Guarda e seus efeitos
Apresenta-se a guarda como uma modalidade de família substituta, conforme previsão do Estatuto, e não obstante a sua fragilidade ante a possibilidade de ser revogada a qualquer momento pela autoridade judiciária, é inegável o fato de abrigar os direitos fundamentais previstos pela Constituição Federal e também pelo art. 7º do Estatuto.
Direitos fundamentais, como se sabe, são aqueles direitos humanos positivados pelo legislador constituinte; isto é, o constituinte entende que para a defesa dos direitos é melhor inserir sua previsão na Constituição Federal.
Nos termos do que consta no art. 7º do Estatuto, os direitos à vida e à saúde são direitos fundamentais. Desse modo, cabe à família, à sociedade e ao Estado desenvolver meios para a defesa desses direitos, de modo que a totalidade das crianças e dos adolescentes, em território brasileiro, esteja amparada.
Ao tratar da guarda, no art. 33 e seguintes, o Estatuto impõe ao guardião a obrigação de prestar assistência material, moral e educacional, além de, como um meio de facilitar o cumprimento da obrigação, expressar no §3º que a guarda confere à criança e ao adolescente a condição de dependente para todos os fins de direito, inclusive previdenciários (g.n.).
Esta previsão estatutária privilegia a doutrina da proteção integral, que procura encontrar e atender o melhor interesse da criança e do adolescente, em cumprimento à disposição do art. 1º do Estatuto, o qual tem como fundamento de validade o art. 227 da Constituição Federal.
Apesar disso, respeitadas decisões do Superior Tribunal de Justiça tem dificultado que crianças e adolescentes sob guarda tenham esta dependência previdenciária, o que afasta o amparo ao direito à vida e à saúde.
Vejamos:
“ …A Terceira Seção desta Corte tem entendimento pacificado no sentido de que, no caso de menor sob guarda, norma previdenciária de natureza específica deve prevalecer sobre o disposto no art. 33,§ 3º, do Estatuto da Criança e do Adolescente…” (ROMS nª22.704, 6ª Turma, Relª. Minª. Maria Thereza de Assis Moura, DJE 02/08/10)
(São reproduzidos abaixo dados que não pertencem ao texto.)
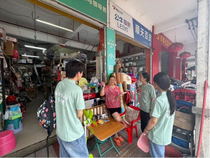 垃圾分类是城市文明的‘细节考题’。团队在南观、州珮及十字街等社区同步开展垃圾分类专项调研,重点观察混投现象变化,并对商户、摊贩、员工等多元主体进行访谈。然而,设施缺失、标识不清、意识薄弱是制约分类成效的主要因素。为此,团队建议社区可推进分类形成完整体系,借助商户示范带动分类氛围,在人流密集区补充设施,让校园教育与社区实践联动,推动垃圾分类由“少数坚持”向“全民日常”转变。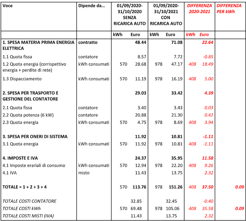 Quarto: faccia il confronto tra lug-ago 2021 e lo stesso set-ott 2020. O se volete tenere lo stesso periodo lug-ago 2021 con lug-ago 2020 (stessi oneri di sistema) anche se per me i confronti dovrebbero essere fatti tra periodi adiacenti con sufficienti differenze di consumi: il costo marginale dell’energia (che è quella da considerare per la carica delle nostre BEV) non dipende da chi è il responsabile del maggior consumo del periodo. Che sia l’auto o il condizionatore o la PdC non importa.

“ …Diante desse conflito aparente de normas, o critério que melhor soluciona a controvérsia em exame é o da especialidade, ou seja, o diploma de regência do sistema de benefícios previdenciários, de caráter especial, deve prevalecer sobre o Estatuto da Criança e do Adolescente, este de caráter geral no confronto com aquele sobre o tema controvertido.” (ERESP nº696299, 3ª Seção, Rel. Min. Paulo Galloti, DJE 04/08/09)
Com estas decisões há um grande risco da disposição estatutária se tornar letra morta, porque é bem possível que a União e os Estados legislem em favor da administração pública e retirem ou dificultem a inclusão do menor sob guarda na condição de dependente.
Já afirmamos, em artigo sobre o tema publicado em agosto do presente ano no site do Instituto Paulista de Magistrados – IPAM e no Consultor Jurídico – CONJUR que “A solução de um conflito aparente de normas pela aplicação da regra da especialidade (lei previdenciária) em desprestigio a uma regra de caráter geral (Estatuto da Criança e do Adolescente) se sobrepõe a uma doutrina ou teoria (teoria da proteção integral) prevista no art. 1º do Estatuto que emerge do comando constitucional previsto no art. 227 da Constituição Federal.
Ganha os órgãos previdenciários, ganha a administração pública, ganha o Estado, mas perde os menores sob guarda ou tutela.”
Diante da situação real cabe à Equipe Interprofissional, em regra formada por profissionais verdadeiramente interessados na proteção de crianças e adolescentes, quando em processo de guarda, encontrar meios para que estes menores não fiquem ao desamparo, inserindo no laudo pericial sugestões que forneçam subsídios ao Juiz da Infância e da Juventude para a prolação de decisão que dê efetivamente a proteção integral tanto desejada.
Que ganhem as crianças e os adolescentes sob guarda.
Jeferson Moreira de Carvalho, Desembargador do Tribunal de Justiça do Estado de São Paulo. Autor do livro “Estatuto da Criança e do Adolescente – Manual Funcional e Adoção Internacional”, Ed. Del Rey.